[Collected data]

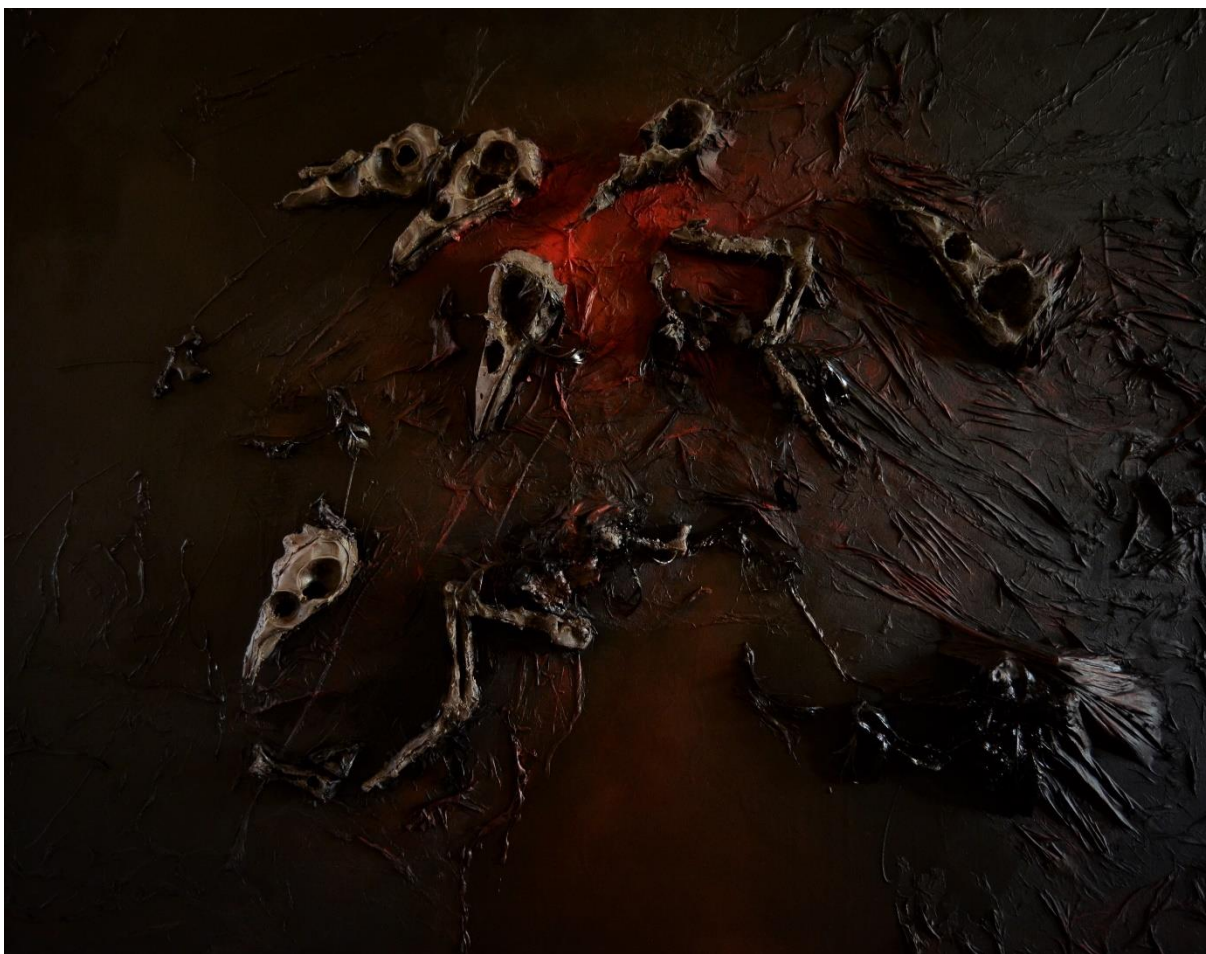
Obrázek 11: Dokončený objekt Peklo s lidmi.

Obraz zachycuje stylizované ptačí lebky, kosti zvířat a peří na černém zvrásněném pozadí. Černé mastné slepené peří může odkazovat na ptáky vyplavené z moře po ropné havárii. Červená skvrna v centru obrazu prvoplánově symbolizuje barvu krve, ale též vystavuje červenou stopku lidskému destruktivnímu počínání. Textura a zvrásnění díla jako rány na duších zvířat nucených žít s člověkem prostupují celým prostorem. Po lidském počínání toho ze zvířat příliš nezbude, proto není dílo poseto kostrami, ale dominují pouze lebky, neúčinný odpad biovýroby. Mrtvá zvířata topící se v černotě nemají před zlým počínáním člověka úniku ani spásy. Jsou odsouzeni k bídě a utrpení, což je podtrženo barevností obrazu.
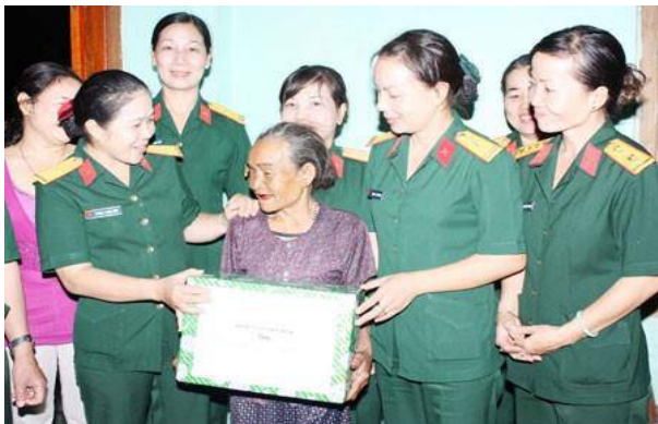
Đại diện Hội Phụ nữ Bộ CHQS tỉnh Bình Thuận và Ban Phụ nữ Quân khu 7 thăm, tặng quà gia đình chính sách trên địa bàn.
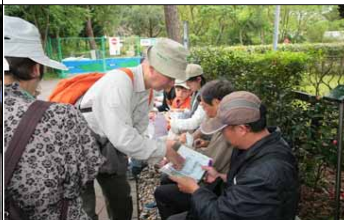
煥光老師導覽結束後細心的為遊客蓋章證明
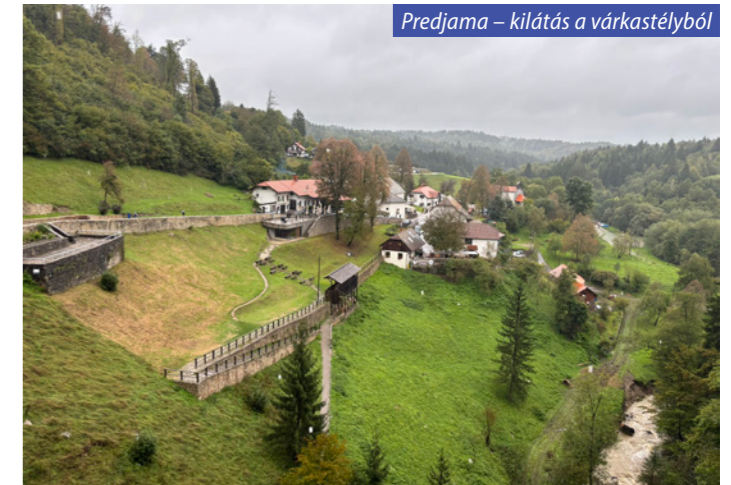
Predjama – kilátás a várkastélyból
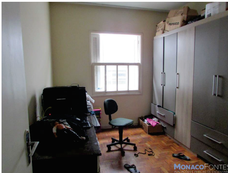
Acima e abaixo, tem-se o dormitório., onde notam-se suas dimensões e acabamentos.

O dormitório apresenta piso em tacos de madeira, paredes revestidas com massa fina pintada, teto revestido com massa fina pintada, porta de madeira e janela de madeira e vidro.
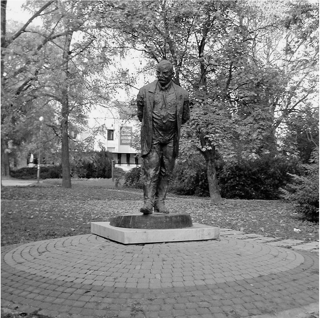
A kaposvári Nagy Imre-szobor
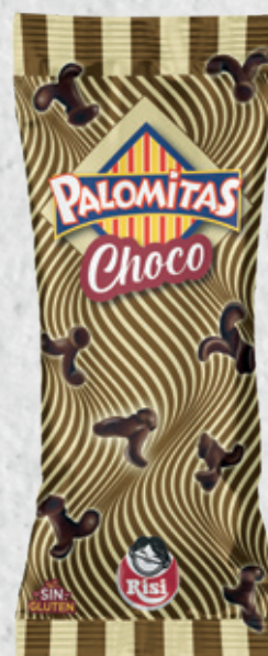
Palomitas Choco 80 g
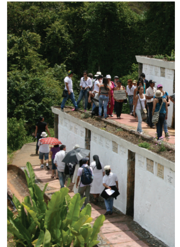
Conmemoración 25 años masacre Trujillo, Valle del Cauca, 2012

El Parque Monumento Trujillo tiene como propósito recordar a las víctimas, recuperar el tejido y el vínculo social destruido a raíz de la masacre, y trabajar por la no repetición y la reconciliación, como lo ilustra el siguiente fragmento de sus documentos propios:
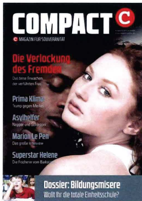
Abbildung 8 COMPACT 07-2017

In einem auf „COMPACT-Online“ im Juli 2023 erneut veröffentlichten Artikel heißt es in der Artikelüberschrift:
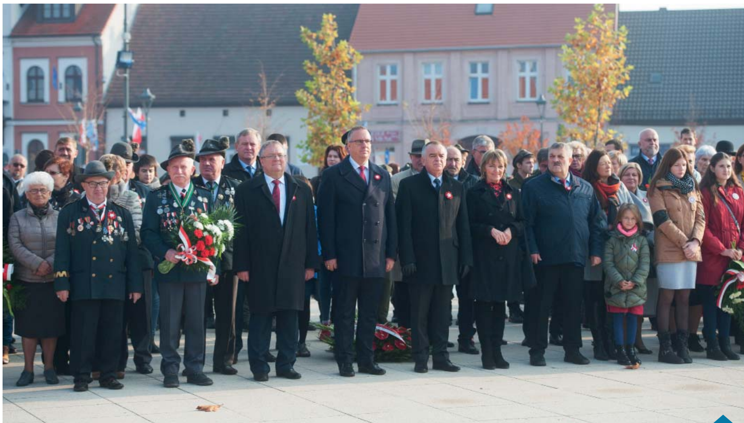
Uroczystości na placu Powstańców Wielkopolskich.
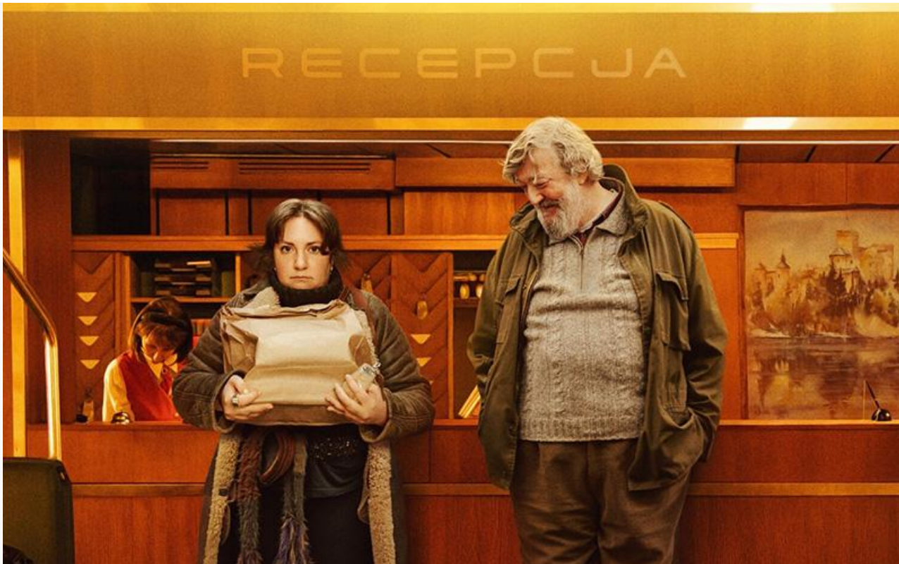
Постер к фильму «Моя семья»
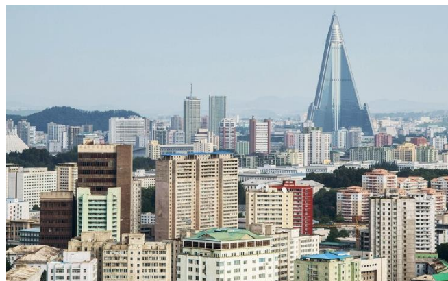
Pyongyang – en moderne og smuk storby

Under den tre år lange Koreakrig (1950 - 1953) blev byen fuldstændig ødelagt af USA's massive bombardementer. Genopbygningen af Pyongyang har kostet mange menneskelige kræfter. En by genopbygget med udgangspunkt i en bunke murbrokker. Den er blevet så flot med grønne parker, nye boliger og skulpturer. En by med sporvogne, trolleybusser, metro, tunneler og et rigt folkeliv. Under generalsekretær Kim Jong Uns ledelse er den i fuld gang med at blive omdannet til en moderne og smuk by. I det nye Pyongyang bliver der tænkt over, hvordan bygningerne skal se ud.
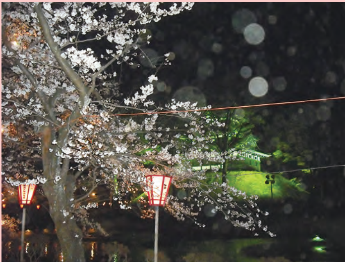
夜はお城もライトアップされます！
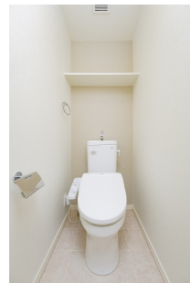
* 室内写真が異なる場合は、現状を優先致します。
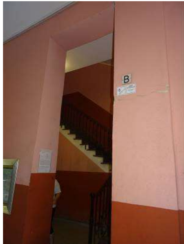
Corpo scala B
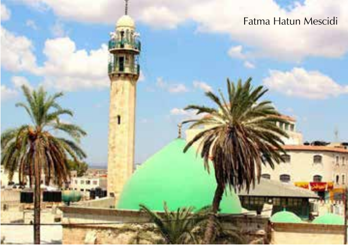
Fatma Hatun Mescidi

Cenin, tarihi M.Ö.14.Yüzyıl'a kadar uzanan ve Mısır'da bulunan Teli Al Amarna mektuplarında Cina ismi ile biliniyordu. Cenin, Roma döneminde Cina, Haçlılar döneminde de Büyük Cirin olarak adlandırılmıştır. Bugün Cenin güzelliği ile nefes kesen bir şehirdir. Şehrin etrafı, eteklerinde keçiboynuzu, incir ve hurma bahçelerinin bulunduğu tepeler ile sarılmıştır. Tarım ürünleri, meyve ve sebzesi ile ünlüdür.
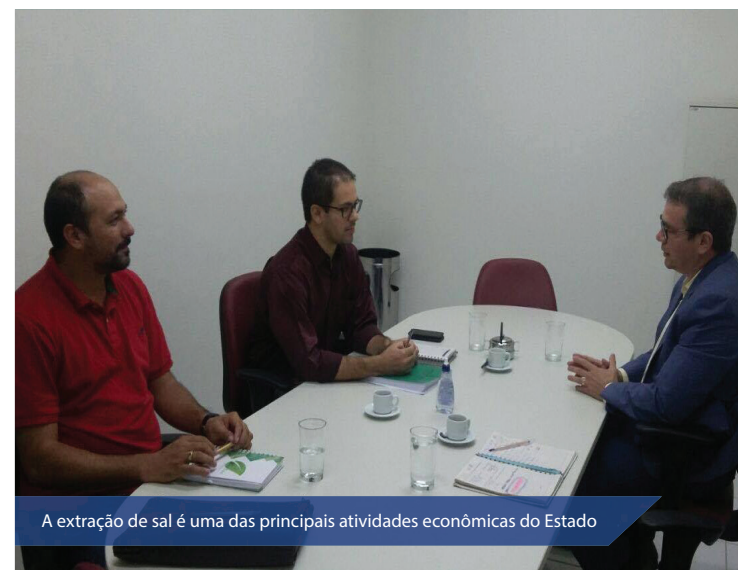
A extração de sal é uma das principais atividades econômicas do Estado

A extração de sal é uma das principais atividades econômicas do Estado. O Rio Grande do Norte é responsável por aproximadamente 97% da produção nacional.
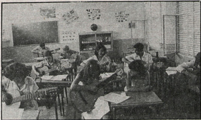
Con la puesta en marcha de la Universidad Popular, los vecinos de Parla tendrán un lugar donde aprender nuevas actividades o desarrollar sus aficiones

Hasta ahora el sistema para proceder a impartir una
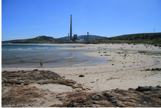
Praia de Sabón
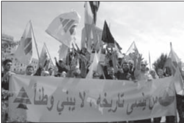
مظاهرة لأنصار حزب الكتائب اللبنانية

انتخابات 15 نيسان 1951، إلا أن مبادرة شاريت كما يقول الآن مينازع في كتاب «حرب لبنان»، بالرغم من طابعها الرمزي، لم تكن خالية من خلفية سياسية، لأن حدود الدولة العبرية مع الدول العربية، كانت خطوطاً لوقف إطلاق النار، بينما كانت الحدود مع لبنان هادئة وفق خط الهدنة، ولهذا أولاه الصهاينة اهتماماً خاصاً. وفي عام 1956، وقبيل أسابيع من حملة السويس، صرح رئيس وزراء العدو الصهيوني دايفيد بن غوريون لنظيره الفرنسي: «سنفكك لبنان، ونخضعه، وسيكون دولة يمكن أن توقع معها بعض المعاهدات» (وقد حققها أمين الجميل في
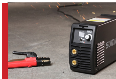
Baixo Consumo de Energia
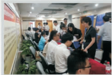
8月3日—8月4日 第一站: 中国银行宁波市分行
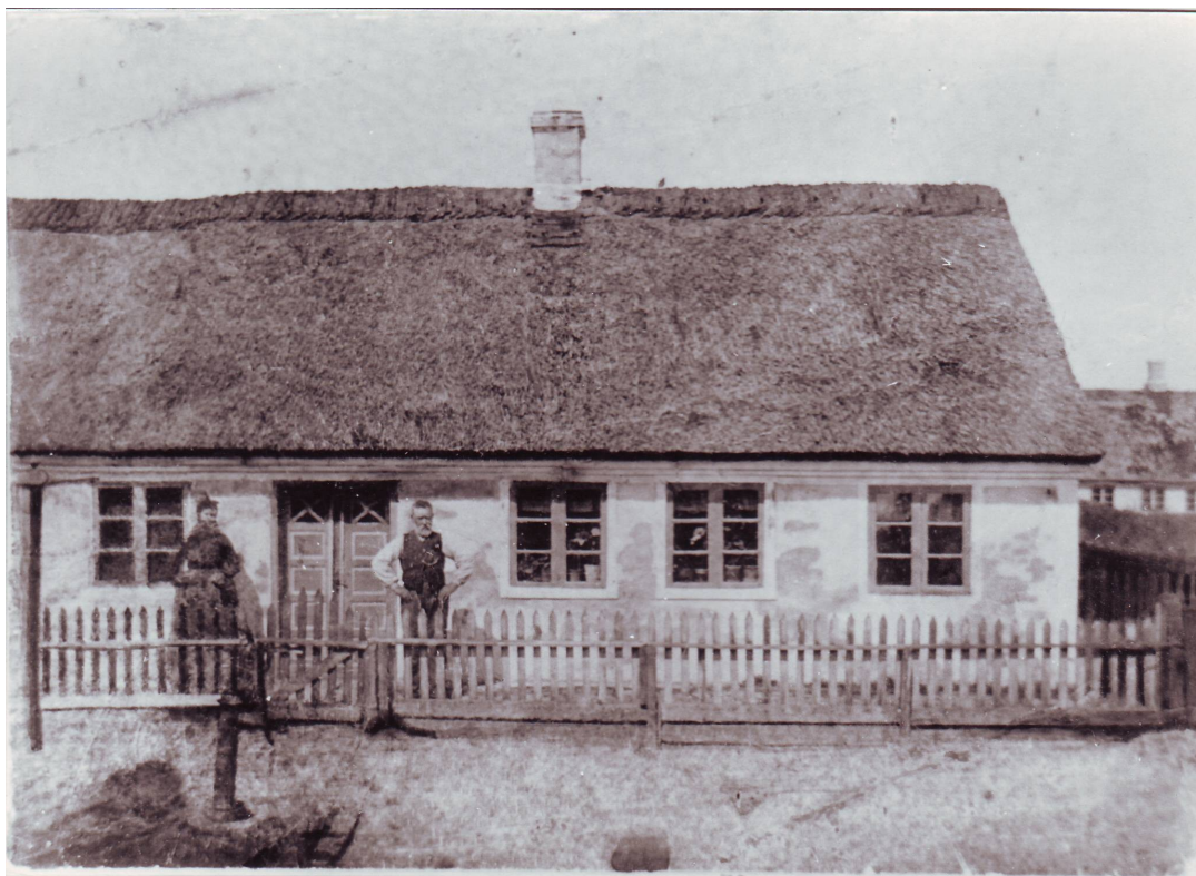
Matr. nr. 101a. Kropladsen 20. Foto i Sønderho Sognearkiv B00151_014.

110 Hans Nielsens Jense et Fæste brev udsted af Amptsforvalter Bruuhn / af Dato 9 Octobr 1720 paa Hans Huus Byggested Bredselsrum og Kaaljord / samt noget Iord i Tøftløs bestaaende af 6 Stycker, Noget Øvr. jord i / Østre Kaaberdal bestaaende af 7 Stycker,

*EXERCISE INSTRUCTIONS*. Give back the entries above exactly as they stand. Leave the images out.

*SOLUTION BELOW*.
Obrázek 11: Dokončený objekt Peklo s lidmi.

Obraz zachycuje stylizované ptačí lebky, kosti zvířat a peří na černém zvrásněném pozadí. Černé mastné slepené peří může odkazovat na ptáky vyplavené z moře po ropné havárii. Červená skvrna v centru obrazu prvoplánově symbolizuje barvu krve, ale též vystavuje červenou stopku lidskému destruktivnímu počínání. Textura a zvrásnění díla jako rány na duších zvířat nucených žít s člověkem prostupují celým prostorem. Po lidském počínání toho ze zvířat příliš nezbude, proto není dílo poseto kostrami, ale dominují pouze lebky, neúčinný odpad biovýroby. Mrtvá zvířata topící se v černotě nemají před zlým počínáním člověka úniku ani spásy. Jsou odsouzeni k bídě a utrpení, což je podtrženo barevností obrazu.
Đại diện Hội Phụ nữ Bộ CHQS tỉnh Bình Thuận và Ban Phụ nữ Quân khu 7 thăm, tặng quà gia đình chính sách trên địa bàn.
煥光老師導覽結束後細心的為遊客蓋章證明
Predjama – kilátás a várkastélyból
Acima e abaixo, tem-se o dormitório., onde notam-se suas dimensões e acabamentos.

O dormitório apresenta piso em tacos de madeira, paredes revestidas com massa fina pintada, teto revestido com massa fina pintada, porta de madeira e janela de madeira e vidro.
A kaposvári Nagy Imre-szobor
Palomitas Choco 80 g
Conmemoración 25 años masacre Trujillo, Valle del Cauca, 2012

El Parque Monumento Trujillo tiene como propósito recordar a las víctimas, recuperar el tejido y el vínculo social destruido a raíz de la masacre, y trabajar por la no repetición y la reconciliación, como lo ilustra el siguiente fragmento de sus documentos propios:
Abbildung 8 COMPACT 07-2017

In einem auf „COMPACT-Online“ im Juli 2023 erneut veröffentlichten Artikel heißt es in der Artikelüberschrift:
Uroczystości na placu Powstańców Wielkopolskich.
Постер к фильму «Моя семья»
Pyongyang – en moderne og smuk storby

Under den tre år lange Koreakrig (1950 - 1953) blev byen fuldstændig ødelagt af USA's massive bombardementer. Genopbygningen af Pyongyang har kostet mange menneskelige kræfter. En by genopbygget med udgangspunkt i en bunke murbrokker. Den er blevet så flot med grønne parker, nye boliger og skulpturer. En by med sporvogne, trolleybusser, metro, tunneler og et rigt folkeliv. Under generalsekretær Kim Jong Uns ledelse er den i fuld gang med at blive omdannet til en moderne og smuk by. I det nye Pyongyang bliver der tænkt over, hvordan bygningerne skal se ud.
夜はお城もライトアップされます！
* 室内写真が異なる場合は、現状を優先致します。
Corpo scala B
Fatma Hatun Mescidi

Cenin, tarihi M.Ö.14.Yüzyıl'a kadar uzanan ve Mısır'da bulunan Teli Al Amarna mektuplarında Cina ismi ile biliniyordu. Cenin, Roma döneminde Cina, Haçlılar döneminde de Büyük Cirin olarak adlandırılmıştır. Bugün Cenin güzelliği ile nefes kesen bir şehirdir. Şehrin etrafı, eteklerinde keçiboynuzu, incir ve hurma bahçelerinin bulunduğu tepeler ile sarılmıştır. Tarım ürünleri, meyve ve sebzesi ile ünlüdür.
A extração de sal é uma das principais atividades econômicas do Estado

A extração de sal é uma das principais atividades econômicas do Estado. O Rio Grande do Norte é responsável por aproximadamente 97% da produção nacional.
Con la puesta en marcha de la Universidad Popular, los vecinos de Parla tendrán un lugar donde aprender nuevas actividades o desarrollar sus aficiones

Hasta ahora el sistema para proceder a impartir una
Praia de Sabón
مظاهرة لأنصار حزب الكتائب اللبنانية

انتخابات 15 نيسان 1951، إلا أن مبادرة شاريت كما يقول الآن مينازع في كتاب «حرب لبنان»، بالرغم من طابعها الرمزي، لم تكن خالية من خلفية سياسية، لأن حدود الدولة العبرية مع الدول العربية، كانت خطوطاً لوقف إطلاق النار، بينما كانت الحدود مع لبنان هادئة وفق خط الهدنة، ولهذا أولاه الصهاينة اهتماماً خاصاً. وفي عام 1956، وقبيل أسابيع من حملة السويس، صرح رئيس وزراء العدو الصهيوني دايفيد بن غوريون لنظيره الفرنسي: «سنفكك لبنان، ونخضعه، وسيكون دولة يمكن أن توقع معها بعض المعاهدات» (وقد حققها أمين الجميل في
Baixo Consumo de Energia
8月3日—8月4日 第一站: 中国银行宁波市分行
Matr. nr. 101a. Kropladsen 20. Foto i Sønderho Sognearkiv B00151_014.

110 Hans Nielsens Jense et Fæste brev udsted af Amptsforvalter Bruuhn / af Dato 9 Octobr 1720 paa Hans Huus Byggested Bredselsrum og Kaaljord / samt noget Iord i Tøftløs bestaaende af 6 Stycker, Noget Øvr. jord i / Østre Kaaberdal bestaaende af 7 Stycker,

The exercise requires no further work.